Presented at:
XXIIth International Congress of Immunology, Montreal, QC, Canada, July 18-23, 2004
Abstract #471
Comparison of new standard and amplification procedures with GeneChip arrays for studying T cell activation
Zhu S, Wong L, Hu D, Heinemeyer E, Huntsman S, Boden E, Chikuma S, Ye J, Seyfert-Margolis V, Bluestone JA
Diabetes Center, University of California, San Francisco and Immune Tolerance Network, San Francisco, CA, USA; Diabetes Center, University of California, San Francisco, San Francisco, CA, USA.
GeneChip technology allows for gene expression profiling of the entire genome using a variety of biological materials. However, Affymetrix standard protocols require a minimum of five micrograms of total RNA as starting material. There are many instances where only a limited amount of RNA can be obtained for analysis by GeneChips, including laser capture micro-dissection, sorted cells from tissue or blood, or small biopsy samples from patients. Such sparse starting material remains a major limiting factor in gene expression profiling.

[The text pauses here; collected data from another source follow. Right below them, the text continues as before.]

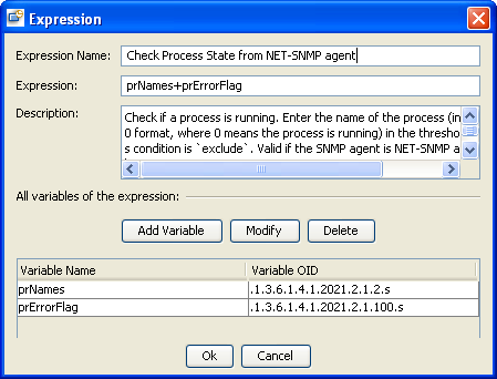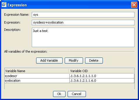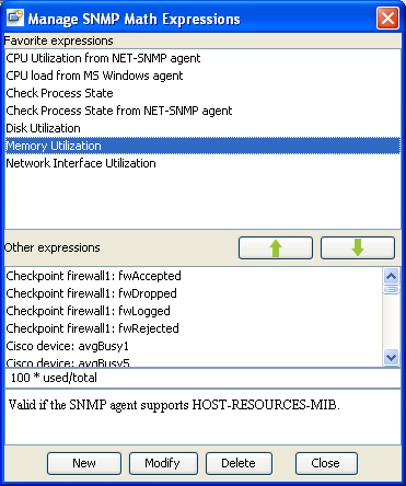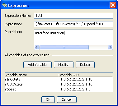 There are some math expressions being used in SNMP monitors. You can create new expressions or edit existing ones. If an expression contains tabular objects, you need to provide index suffix for it, and then a new expression with the index suffix appended to its name will be added automatically. For example, if you use ifutil expression, and then you choose index to be “.2”, then a new expression named “ifutil.2” will be created automatically.
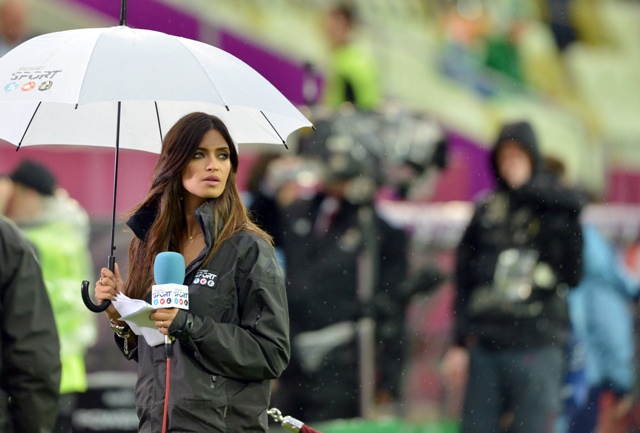 The tournament is a week old. How could I have waited so long to post photos of my favourites? Sara Carbonero gets to work at Euro 2012 (as a sports reporter) AND support her man, Iker Casillas who totally saved Spain’s ass against Italy last Sunday. Am attaching a few shots of the two this week. Spain doesn’t play again until Monday. Hopefully there will be some new images of them on the weekend then.
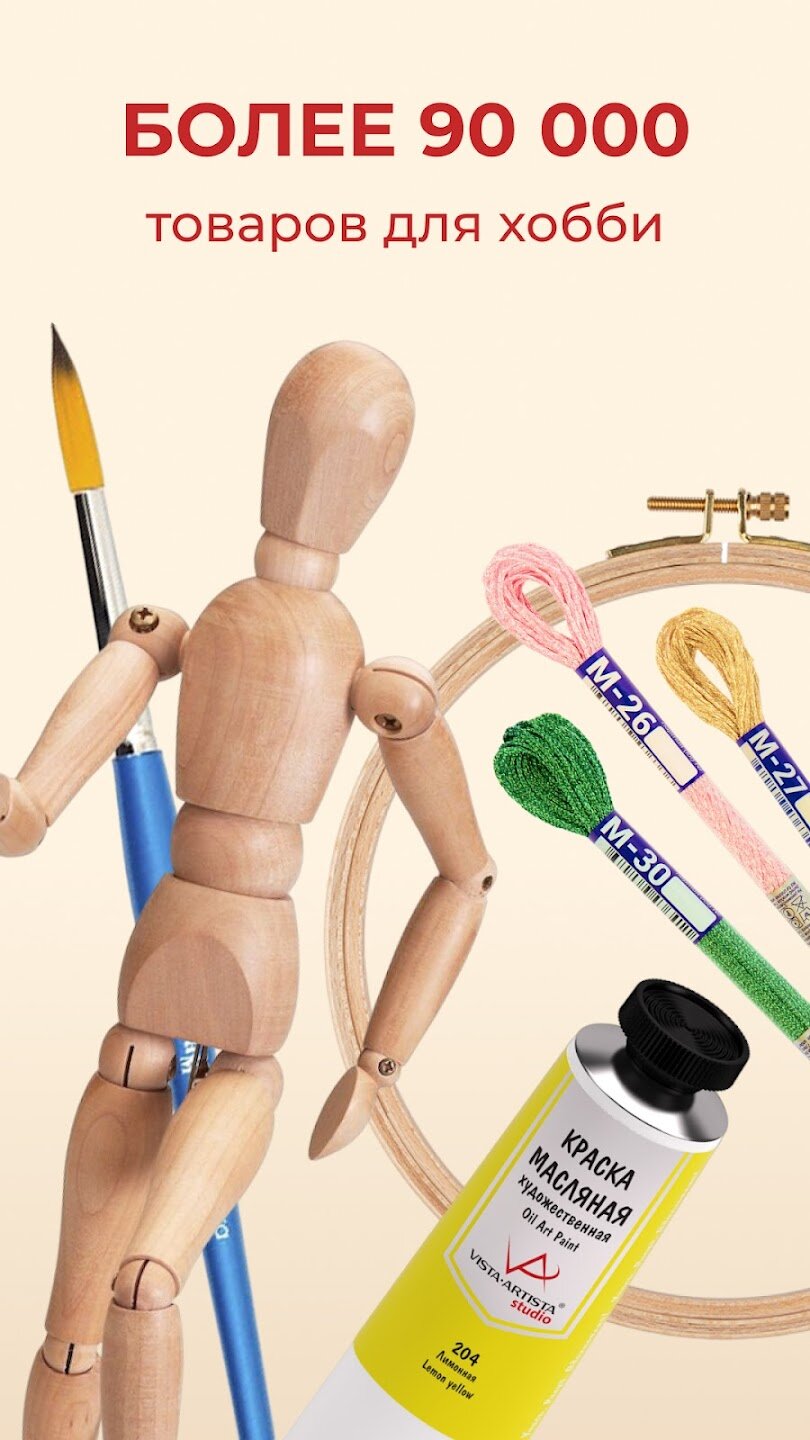 В приложении вы найдёте более 90 000 различных товаров для декора, рукоделия, творчества и приятного досуга. Есть инструменты и материалы для живописи, шитья, вышивания, вязания, моделизма и чеканки, декупажа и скрапбукинга, и ещё для множества разных видов хендмейда.

We have developed a reproducible new standard procedure (one run) that reduces the RNA starting material to 1 m g of total RNA, without compromising data quality. We have also established a new amplification (two run) method that requires as little as 1 ng of total RNA as starting material. A gene expression comparison was performed with human Jurkat cells stimulated with anti-CD3 antibody, in an effort to identify genes participating in T cell activation using the standard (2.5 m g RNA) and amplification (50 ng RNA) procedures for GeneChip arrays. Statistical analysis, with the cut-off at p<0.05 and fold change >2.0, identified 116 genes by the standard procedure and 119 genes by the amplification procedure. Greater than 60% of significant genes shared identity by both procedures. Quantitative Taqman RT-PCR (Q-PCR) was performed with 30 selected genes to validate their expression during T cell activation as measured with GeneChip arrays. The 30 genes were selected based on identification by: both procedures (n=10); the standard procedure alone (n=10) and the amplification procedure alone (n=10). We observed that the expression levels of 24 genes were similar by both methods while 6 genes exhibited higher fold changes by Q-PCR. Coefficients of variation for each gene, associated with triplicate measurements by Q-PCR, ranged from 0.48 to 0.006 percent. Some genes previously reported to be associated with T cell activation, such as ICOS, CCR2, CD45, EMP1, and CLACA1, were identified by the amplification procedures but not by the standard procedure. However, other T cell activation-related genes, including BCL6, CD6, CD40L, IL16 and CD96, were identified by the standard procedure but not by the amplification procedure.
In conclusion, it is now possible to screen expression profiles with a low quantity of starting material, using GeneChip arrays. However, the different methods can identify unique gene sets that may have biological relevance in various research and clinical settings.